Bei diesen Konsultationstreffen entwickelten die Kinder selbst zahlreiche Forderungen. Sie drängen auf die Einhaltung von Umweltverträgen und plädieren beispielsweise für die Abschaffung von Einwegplastik. Erneuerbare Energien und der öffentliche Nahverkehr sollen stärker gefördert werden. Ein weiteres Thema war der mediale Zugang von Kindern zu Informationen über Umweltgefahren und Lösungsansätze. Um diese Forderung umzusetzen, wurde von der Internationa- len Kinderrechtsinitiative die Internetseite www. childrenvironment.org ins Netz gestellt. Neben Umweltthemen enthält die Seite einen Blog, in dem Kinder und Jugendliche sowie Expertinnen und Experten und Umweltinitiativen gemeinsam über ökologische Themen und die Bedeutung der Kinderreche diskutieren können. In der Plattform enthalten ist ferner eine Umfrageseite (#MyPlanetMyRights) zu verschiedenen Umweltthemen. Hier können sich Jungen und Mädchen zu Wort melden, die bisher noch nicht an den Konsultationstreffen teilnahmen. Bisher haben bereits Jugendliche aus 60 Ländern an der Befragung teilgenommen.
Eine weitere Forderung der Jugendlichen bei den Konsultationstreffen war die nach einem Dialog zwischen den Generationen sowie zwischen den Verursachern von Umweltzerstörungen und deren Betroffenen. Kinder, so die Schlussfolgerung, sollen bei zukunftsrelevanten Umweltentscheidungen aktiv beteiligt werden.
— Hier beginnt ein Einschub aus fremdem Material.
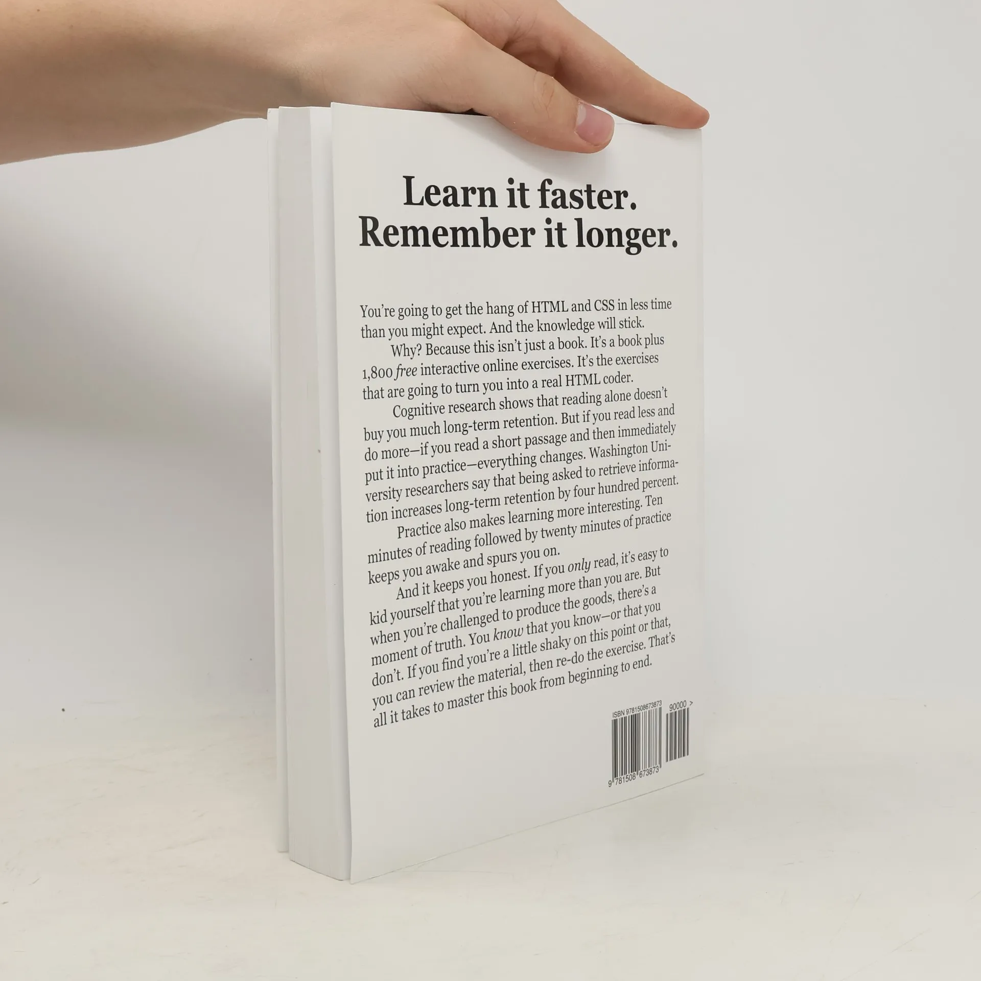 The ultimate learn-by-doing approach. Short chapters are paired with free interactive online exercises to teach the fundamentals of HTML and CSS. Written for beginners, useful for experienced developers who want to sharpen their skills. Prepares the reader to code a website of medium complexity. The learner spends two to three times as long practicing as he does reading. Based on cognitive research showing that retention increases 400 percent when learners are challenged to retrieve the information they just read. Explanations are in plain, nontechnical English that people of all backgrounds can readily understand. With ample coding examples and illustrations.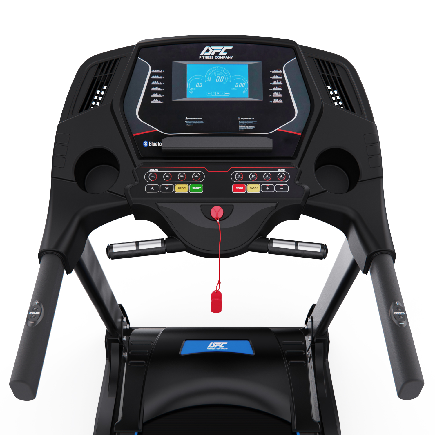 Два комплекта встроенных в поручни датчиков пульса позволят следить за частотой сердечных сокращений. Такие датчики имеют определенную погрешность. Для точности показаний рекомендуем приобрести нагрудный пояс с монитором в форме часов DFC W117. Показания консоли : скорость, время, расстояние, калории, пульс.

Die Konsultationsteilnehmerinnen und -teilnehmer brachten auch die Idee eines gemeinsamen internationalen Jugendaktionstags und einen verstärkten grenzüberschreitenden Schüleraustausch in die Diskussion ein und kritisierten den mangelnden Respekt und die Diskriminierung von Kindern und Jugendlichen, die sich für Umweltthemen engagieren.
Die Staaten Lateinamerikas und der Karibik haben kürzlich einen Vertrag zur Sicherung der Umweltrechte ihrer Bürgerinnen und Bürger geschlossen. Die Vereinten Nationen wollen nun eine kinderfreundliche Fassung dieses Abkommens erarbeiten. Auch dies ist ein Ergebnis der von terre des hommes mitinitiierten Konsultationen. In seinem im Oktober vorgelegten Bericht an die UN-Generalversammlung zum Thema Klimawandel und Menschenrechte nahm der Sonderberichterstatter für Umweltrechte, David Boyd, ausdrücklich Bezug auf die Konsultationstreffen. Nun sollen die Forderungen der Kinder und Jugendlichen in die Erarbeitung einer Charta für das Kinderrecht auf eine gesunde Umwelt einfließen, die baldmöglichst von allen UN-Mitgliedsstaaten unterzeichnet werden soll. Bis es soweit ist, wird das Kinderrecht auf eine gesunde Umwelt auf der politischen Agenda von terre des hommes ganz oben stehen.